Set in New York in 1814, with the war between Britain and America in full swing, Native Americans are trying to remain neutral as the warring sides threaten to engulf them. As the film starts with a hatchet to a tree, we are quickly placed in the middle of a campfire disagreement. Native warriors Oak (Kaniehtiio Horn) and Calvin Two Rivers (Justin Rain) and Oak's mother are fighting over Oak's intimate relationship with Calvin and, more notably, Joshua Pinsmall (Eamon Farren), a British man, while the violence slowly encroaches upon them. Despite their attempts to remain hidden away from the conflict, Calvin decides to bring the war to them when he impulsively burns down an American encampment in the middle of the night, leaving those inside the bivouac a bunch of crispy critters. His bullheadedness triggers the wrath of the menacing Hezekiah Holt (Erza Buzzington), a man who leads a ragtag band of soldiers, with one goal in mind: eradicate as many Mohawks as he can. As with most revenge films, things eventually come to a head. When he makes a run-of-the-mill stop at a tiny pond to splash water in his face, Joshua is surprised by Myles Holt (Ian Colletti), his soon to be his dad and his motley crew. Suffice to say, lives are lost and ultimately things get very ugly, very quickly leading Oak on a vengeance quest that would make Meiko Kaji and Christina Lindeberg proud.
I assumed going into this film that I would dig it because of Goehagen's previous film, the gnarly haunted horror flick We Are Still Here, as well the past works of local horror-nut-turned-novelist Grady Hendrix (My Best Friend's Exorcism, Paperbacks From Hell). I didn't realize I'd fanboy out on it as much as I did afterwards, however. I assumed going in that I was guaranteed a throwback to flicks like Last House On The Left or Fight For Your Life. This history horror hybrid was that and more. Mohawk is thrilling. It's scary. It's moving. It's brutal. It's bloody. It's passionate. And like Goehagan's previous film, it's gnarly.
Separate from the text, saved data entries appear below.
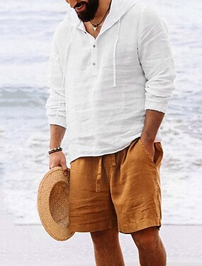Voor heren linnen overhemd Zomer overhemd Strand Kleding Effen Kleur Buiten Straat Kastanjebruin Zwart Wit Blozend Roze Lange mouw Zonder Kraag Kleding
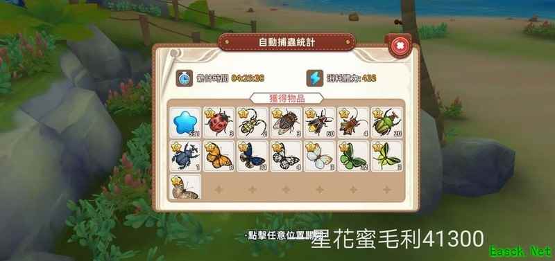 从图中可以看出,入门花蜜挂机的总收益为30880金币,花蜜成本为10次×175金币=1750金币。消耗体力525点,经减免后实际消耗417点,共减免108点体力。由此可测算出相关效率与收益比例。
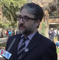 Hamed Esmaeilion, president of the association, doing an interview with VOA about Flight 752

Mohawk manages to gather disparate elements that could threaten to derail the film but seem to work in just the opposite way thanks to the film's deft direction. A low-budget historical drama that utilizes one location (the woods) with mostly unknown actors reads like a recipe for disaster. Goehagen makes it work. The performances, particularly by Colletti and Horn, were much richer than they had any right to be considering this could just be a simple, visceral revenge flick. The piece's political underbelly gives the triumph and tragedy more weight when the smoke literally clears at the conclusion. I'll refrain from heaping more praise on the film simply because I prefer to walk away from this review with a sliver of dignity and not reeking of fanboy fumes. Oops. Too late. I'll conclude by simply saying that I only wish I could've seen Mohawk on the big screen.